森下裕道氏: 実は、執筆が本当に苦手なんです。去年7月に出さなきゃいけない本を、まだ書いてないぐらいですから(笑)、ほんとうに苦手で、文章が全く書けないんですよ。
――そんな森下さんが、どのようにして本を書くようになったんですか?
森下裕道氏: どうして書くようになったかと言うと、お店をやっていた時に、本部に行ったんです。本部に行って教育をする立場になった時に、上手く教育ができなかったんです。それは何故かと言うと、お店の部下たちには感覚で教えていたというところがあったんです。同じ現場にいたので、匂いで「これはこうだ」という感覚的に教えていたんです。でも「どういう仕組みで売り上げが上げられるのか?」とか、「こういうお客様にはどうやって褒めればいいのか?」というのが論理的に説明できなかったんです。それをよく考え、論理的に説明できるようになって、「こういうのって面白いな」と思うようになりました。本部では社員研修もたくさんやったんですが、それよりも、アルバイトさんたちの研修を多く行いました。店長たちに言っても、なかなかそれを下に伝える能力がなかったりするので変化に時間がかかるのですが、アルバイトさんたちはモロ現場に反映しているので即変わっていくんです。不採算店舗のアルバイトさんたちは、教育を受けていないのもありますが、みんなからできないと言われていたりしている人が結構多かったんです。だから、そういった人たちが変わってできる人になっていく様子を見て、「これは面白いな」と思いました。でも、独立するために講演をしたいと思いました。講演をやるためには本を書かないといけない、と思ったところもあります。

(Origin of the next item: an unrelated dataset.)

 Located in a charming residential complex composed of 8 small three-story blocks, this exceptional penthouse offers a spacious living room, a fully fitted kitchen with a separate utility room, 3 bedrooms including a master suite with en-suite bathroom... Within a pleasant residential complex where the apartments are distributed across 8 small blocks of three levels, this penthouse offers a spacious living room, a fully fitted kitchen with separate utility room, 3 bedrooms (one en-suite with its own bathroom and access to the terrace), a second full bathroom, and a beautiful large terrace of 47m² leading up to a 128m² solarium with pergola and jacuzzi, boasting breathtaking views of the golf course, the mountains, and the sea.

――執筆が苦手だとおっしゃっていましたが、どのようにして書き始めたのですか?
森下裕道氏: 自分でしゃべった音声を自分で文字に起こしたんです。なので、僕の本は全て会話調。だから、本を読むのが苦手な人や、なかなか本に馴染みが無いという人、活字から離れている人でも少しは読みやすいのかなとは思います。
――執筆に対する思いはありますか?
森下裕道氏: 自分の思いを伝えたいっていう思いがあるんですが、人は変わりたいと思えば変われるんだとか、ちょっとしたことを心掛けるだけでこんなにもハッピーになれるんだとか、これだけ接客って面白いんだよとか、そういったことを伝えたいんです。

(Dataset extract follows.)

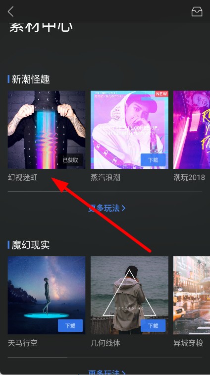 3、找到新潮怪趣分類下的幻視迷虹素材并點(diǎn)擊,進(jìn)入該素材的詳情頁(yè)面。

本を読んでくださって、「変わった」とか言ってくれたりお手紙をもらえたりすることもあって、僕はそれが凄くうれしいんです。
意識を変えることで、全てが変わる
――良い編集者さんというのはどういった方だと思いますか?
森下裕道氏: 「すごく上手だな」と感じる編集の方もいます。“1章10日間で締め切ります”と言われたことがあるのですが、「ちょっとくらいなら延びてもいいかな」って思ってたんです。でも、その編集者さんが僕をうまく褒めるんです。「ああ~!これはとても勉強になりました。次はどうなるんですか?」と盛り上げてくれる。そうすると、早く続きを書こうという気になりますよね(笑)。「その編集者さんのためにも頑張ろう」と思い、書きあげました。一読者として褒めてくれるのは、やっぱりうれしいですよね。

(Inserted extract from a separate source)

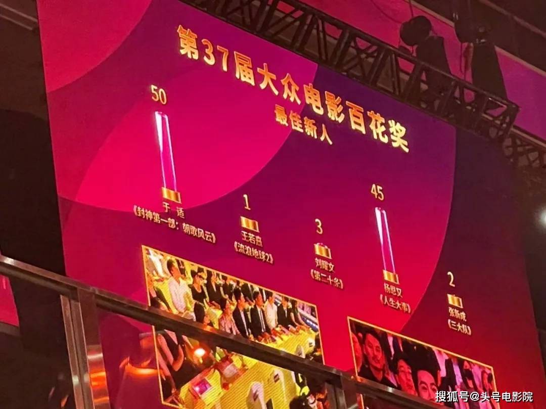 最佳新人奖于适(《封神第一部:朝歌风云》)50票获奖,小姑娘杨恩又(《人生大事》)45票,其他几位刘耀文(《第二十条》)3票,张新成(《三大队》)2票,王若熹(《流浪地球2》)1票,和前两位相差甚远。

――森下さんの使命は、どのようなことだと感じられていますか?
森下裕道氏: やっぱり変わりたいと思っている人たちを変えるお手伝いをしてあげること。自分のことをダメだと思っている人、自分のことをアンハッピーだと思っている人を、僕は一緒になって変えていきたいんです。本人たちが変わりたいと望んでいるなら、変わっていけると思っています。僕と触れ合った人が少しでも明るくなってくれたりだとか、少しでも自分のことを好きになったりだとか、少しでも自分の身近な人を大切にしようと思ってくれれば、全てが変わってくると思うんです。今、人間関係などで悩んでいる人ってすごく多いじゃないですか。もちろんそういう時代だということもありますが、ちょっとした考え方や立ち位置を変えるだけで、すごく変わってくるんです。ただそれだけの気づきで変えていけるというのを、教えたいし、一緒になって考えていきたい。また、僕も一緒に学びたいなと考えています。